— Жених, повестка тебе!.. Собирайся на войну!

Спустя день, два маленькая, кругленькая Тася в том же платье с подснежниками, темная и опухшая от слез, по — прежнему молча шла за руку с длинным Иванком, провожая его на станцию.

Иванко воевал с германцами и австрийцами третий год. На войне убили его двух старших братьев, Егора и Герасима. И сам он с прошлой осени перестал писать письма. Дед невозможно страшно разговаривал в чулане с богом — это Шурка с Яшкой однажды сами видели и слышали. Дедко молил всевышнего спасти, пожалеть последнюю его кровинку, молодятину, Иванка, который за отца станет сиротам — племянникам и племянницам.

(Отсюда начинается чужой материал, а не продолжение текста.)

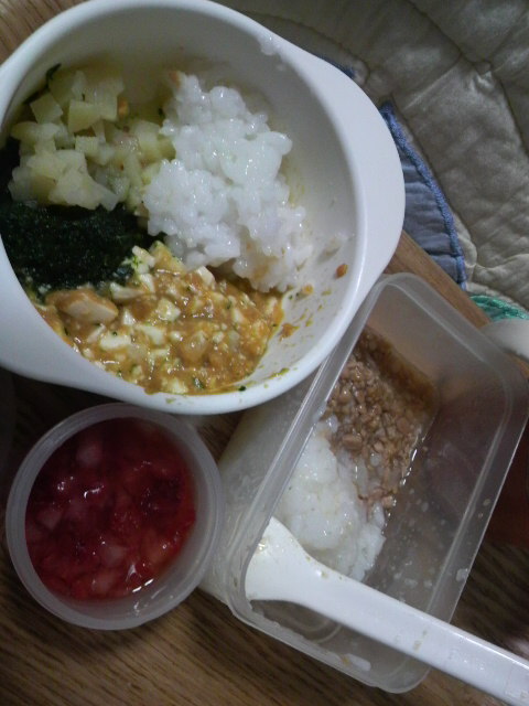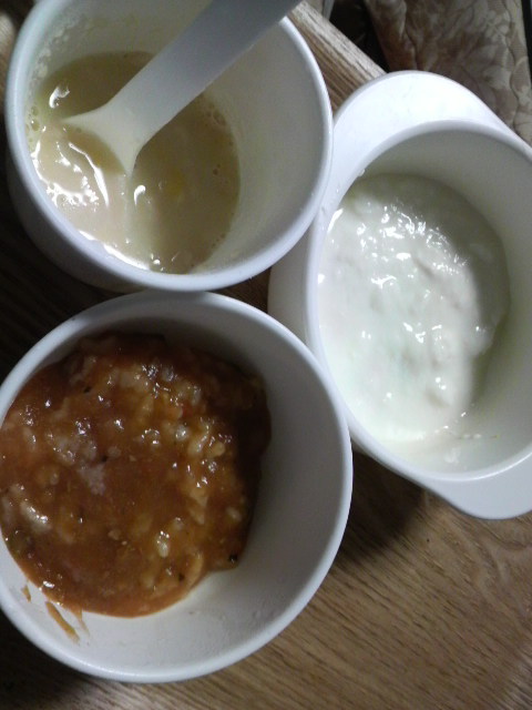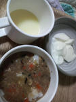 粉々にされた小魚せんべいをコーンスープに入れました☆

Василий Апостол ничего не вымолил, хоть и соглашался лезть в геенну огненную, — Иванко так и не откликнулся. А она, Тася, все была такая же молодая, девка девкой, одинаково бессловесная, незаметная, будто ее и не было вовсе на усадьбе. Только и видел Шурка, бывая у Яшки Петуха, как Тася бегает от колодца и всегда с тремя ведрами — два на коромысле, полнехонькие, одно в руке, — и не проливалось воды ни капельки. Сейчас, в поле, вызвавшись подсоблять народу, она была такая же, как всегда, молчаливо — проворная, незаметная. Она всюду поспевала, все умела делать, что на пашне, за плугом, как мужик, что на посадке картошки, работая за троих мамок, и все звали ее ласково — Тася. Устав сажать внаклонку картофель, бабы присели отдохнуть, и мальчонка тетки Апраксеи, принесенный сестрой — нянькой в поле, качаясь на толстых ножках, подошел к сидящей на меже матери. Картавя непонятное, он потянулся ручонками, привычно расстегнул кофту, вытащил грудь, мятую, как тряпка, и стоя, притопывая от нетерпения, косясь на баб и ребят, принялся насасывать и начмокивать.

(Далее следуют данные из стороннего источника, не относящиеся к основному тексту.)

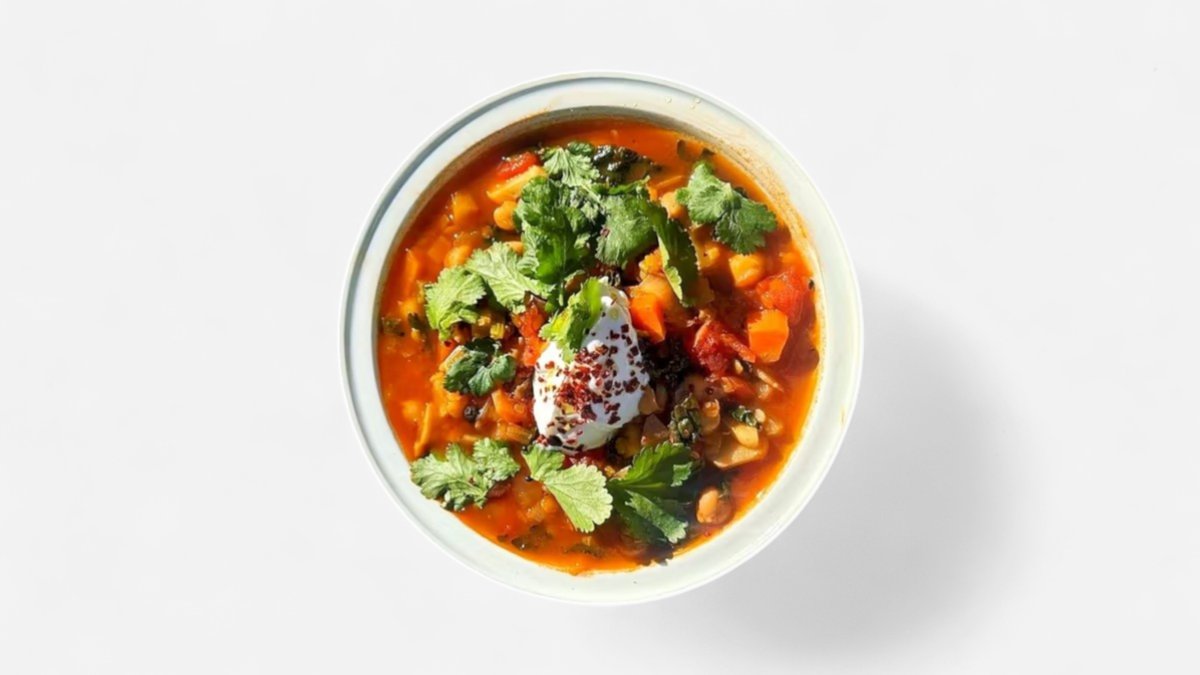 Marocká harira, cizrna, rajčata, červená čočka, jogurt, koriandr, chilli

— Бесстыдник, такой большой, а чего делает! — засмеялись, заговорили кругом мамки. — Зубы эвон какие, откусишь сиську, чем матерь будет кормить тебя?

Сморчиха упрекнула тетку Апракеею:

— И ты хороша, Прося, балуешь на свою голову. До двух годов, что ли, кормить его станешь, здоровяка?

— А что делать? — отозвалась та сердито. — Пятого не больно хочется заводить…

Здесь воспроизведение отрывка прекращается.